The horn from a green 2007 Taurus with a dent on the passenger-side door snatched Tyeedah from her thoughts. The driver double-parked as Tyeedah walked toward the car and got in. The door was barely closed when she asked, “What took you so long?”

“Traffic’s a bitch,” her brother said as a silver Honda Prelude slammed on its brakes to keep from ramming into the back of the Taurus. The driver of the Honda, an old Caucasian lady who resembled Betty White, leaned on the horn. Lil-Bro showed the irate “Senior Citizen Gone Wild” the finger and then he asked his sister, “Where to?” before pulling off.

Tyeedah ignored Lil-Bro’s question, asking one of her own. “You got your pistol?”

“Does Hugh Hefner have a lifetime supply of Viagra?”

Taking shots at the oldest playboy in California and his playmates was something they’d always done in the past. Nobody told a dirty joke better than Tyeedah. Lil-Bro, whose real name was Mark, smiled at his mediocre attempt at lightening the moment. Bereft of levity, Tyeedah failed to crack a smirk.

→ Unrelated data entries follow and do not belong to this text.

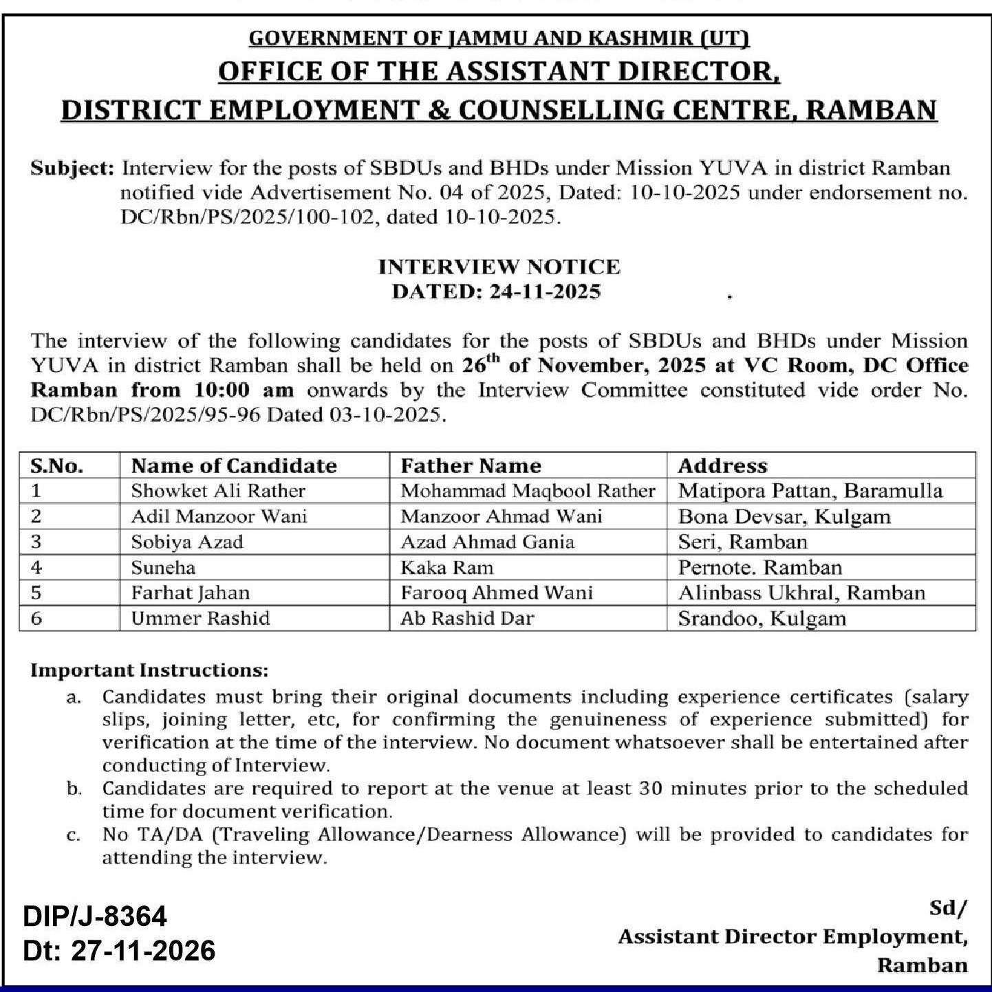 Subject:- Interview for the posts of SBDUs and BHDs under Mission YUVA in district Ramban notified vide Advertisement No. 04 of 2025, Dated: 10-10-2025 under endorsement no. DC/Rbn/PS/2025/100-102, dated 10-10-2025.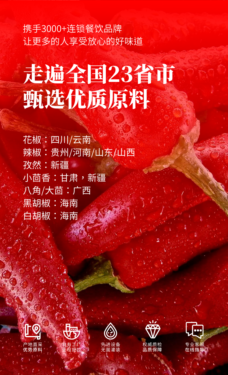 精选上等辣椒原料,口感饱满,鲜香美味,回味悠长,火锅及烧烤必备之蘸料,小袋包装方便干净,开袋即食,在家也能享受美味。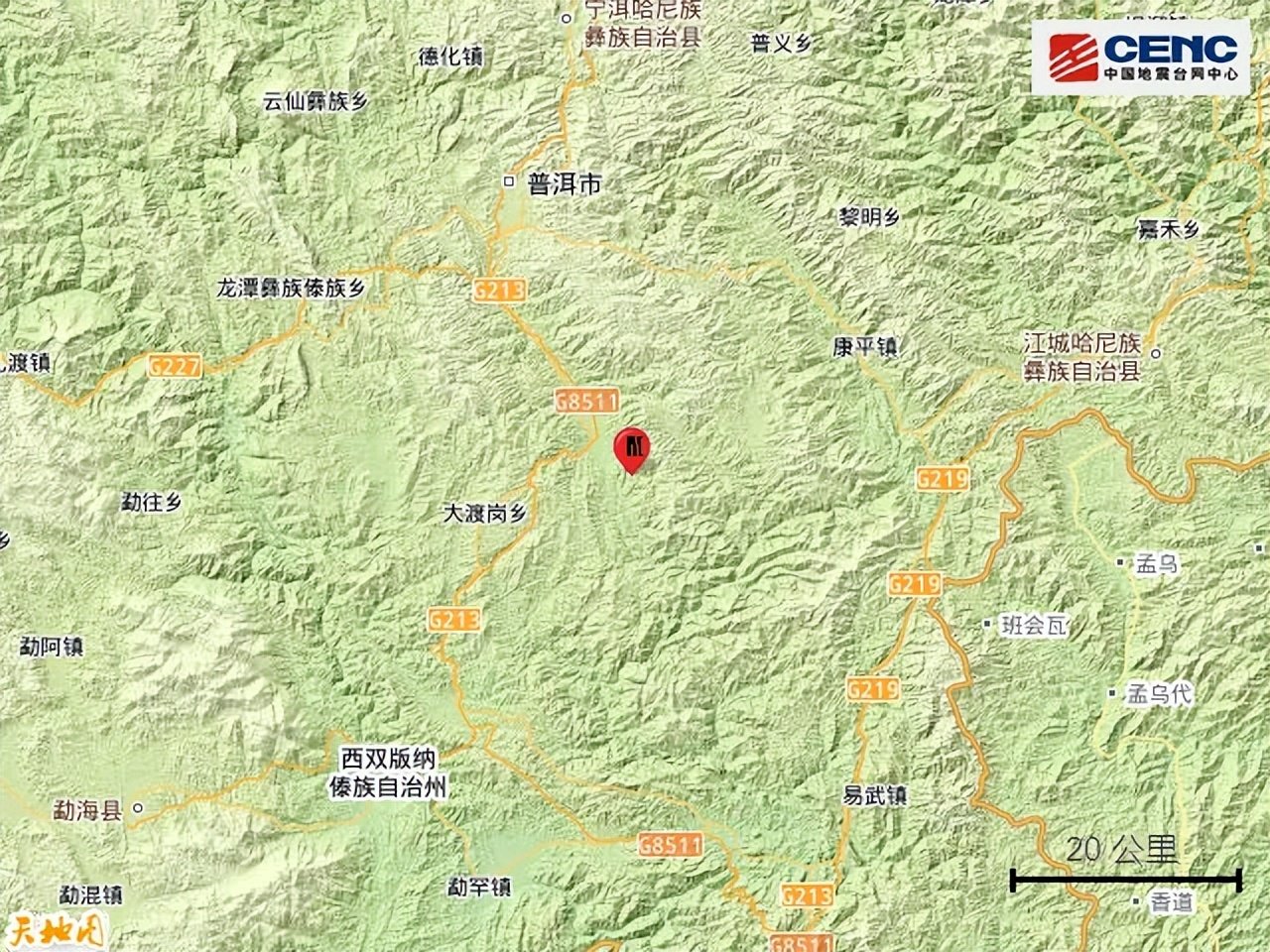 附近村镇:本次地震周边5公里内的村庄有大窝塘、联合村、大光山、查线所,20公里内的乡镇有普文镇、勐旺乡。

Instead, Tyeedah answered her brother’s initial question. “We’re going to the Bronx.” After she and Unique had robbed the courier for the diamonds to pay blackmail money to Fat Tee, Tyeedah recalled Fat Tee mentioning where he had been staying because he didn’t want to stray far from his motel when he was going to meet the girls to get the diamonds. He was so eager to get his hands on the million dollars he demanded, Fat Tee had been careless. “We’re going to Bugley’s Inn. But I’m not sure where it is, except that it’s near the stadium.”

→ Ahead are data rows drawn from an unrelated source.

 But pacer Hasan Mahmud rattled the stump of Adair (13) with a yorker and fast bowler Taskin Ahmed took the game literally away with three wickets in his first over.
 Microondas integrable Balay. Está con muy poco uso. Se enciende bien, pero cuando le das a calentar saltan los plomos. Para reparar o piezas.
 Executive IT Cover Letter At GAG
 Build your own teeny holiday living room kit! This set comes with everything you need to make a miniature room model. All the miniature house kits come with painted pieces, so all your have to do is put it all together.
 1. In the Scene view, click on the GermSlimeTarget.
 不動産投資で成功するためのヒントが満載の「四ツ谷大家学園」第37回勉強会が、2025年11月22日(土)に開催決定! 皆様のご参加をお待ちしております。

Lil-Bro cut his eye at his sister. When Tyeedah had called him to pick her up from the hospital she didn’t give an explanation, nor was one asked or needed for that matter. Lil-Bro loved his older sister unconditionally, more than life itself, and would do anything for her. After all he played a key role in the heist, taking the diamond courier down so that the girls were able to steal the jewels. He owed her that. When Tyeedah was fifteen and Mark ten, their mother OD’d on some bad dope. On the day their mother left this earth to go wherever it was that drug-shooting, bad parents went to when they passed away, Tyeedah promised her brother that she wouldn’t let the state of New York take them away. She didn’t care what she had to do, she wouldn’t allow anyone to come and split them up. She would do whatever was necessary. It wasn’t always pretty, but Tyeedah kept her promise. Lil-Bro loved her for it.